What kinds of linguistic differences are there between autobiographical narratives that are meant to present the self as the speaker believes it to be and those intended to deceive? This question was recently addressed by an empirical study (Bedwell, Gallagher, Whitten & Fiore, 2011) in which 44 undergraduate students produced oral autobiographies under two conditions (non-deceptive and intentionally deceptive) and in response to two questions, one asking for a description of the immediate family during childhood and the participant’s relationship with family members, and the other asking about the participant’s personality during high school and situations that might illustrate this personality. Using linguistic analysis software, the authors discovered that non-deceptive stories, compared to the intentionally deceptive ones, were more difficult to read, used more anaphorical references (e.g., pronouns used to replace earlier-mentioned persons, objects or ideas), more stem overlap (i.e., a measure of cohesion of the passage in which one morphological root is used in different forms in two or more sentences: “Catherine felt obliged to help the woman who had taken little notice of her own predicament. Her husband rarely challenged this sense of obligation.”) and more relatively rare words. Deceptive narratives, on the other hand, contained more (but shorter) sentences, more sentence syntax similarity (a measure of similarity of structural complexity between sentences), and more explicit action verb content than the non-deceptive stories.

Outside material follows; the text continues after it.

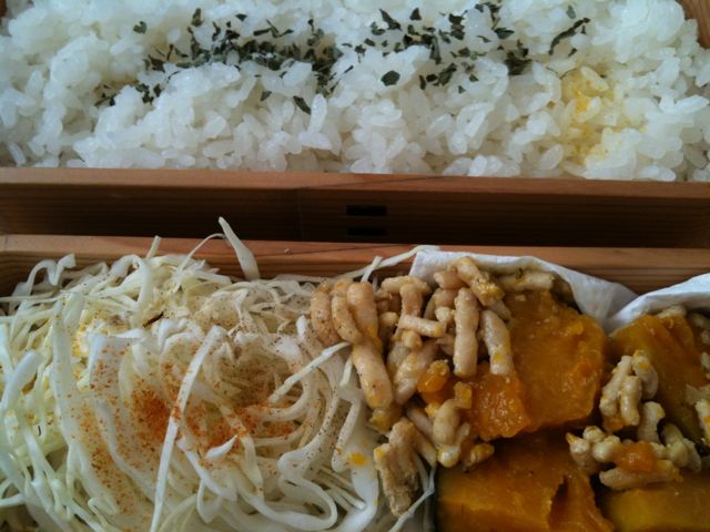 今日の弁当はキャベツ、かぼちゃ、ひき肉。

The authors interpret these findings in the context of narrative distancing: there is a greater distance between the self that narrates and the self who is the object of the narration in the intentional deception condition. On this view, narrators tend to describe their own past in the deception condition using Bruner’s (1986) “landscape of action” and not through the “landscape of consciousness.” The authors note that much research comparing intentionally deceptive as compared to non-deceptive narratives has found similar results but that their study is one of the few to treat autobiographical narratives, in which cognitive facility in handling pretense in the production of the deceptive narrative would be required. This would involve first imagining someone else doing something, then noting that it was not oneself who did it, then nevertheless identifying that act with the self for the purpose of producing the narrative. The authors add that this added cognitive complexity presents an alternative interpretation of their data and that this way of looking at the results might suggest that the narrative distancing explanation is an artifact of the cognitive exigencies of the task. Results are further qualified by the authors: absence of an authentic motivation for deception could alter the kinds of language used and the brevity of these narratives might not reveal non-sentential syntactical relationships among the elements of the narratives.
Bedwell, J. S., Gallagher, S., Whitten, S. N., & Fiore, S. M. (2011). Linguistic correlates of self in deceptive oral autobiographical narratives. Consciousness and Cognition, 20, 547-555.
Bruner, J. (1986). Actual minds, possible worlds. Cambridge, MA: Harvard University Press.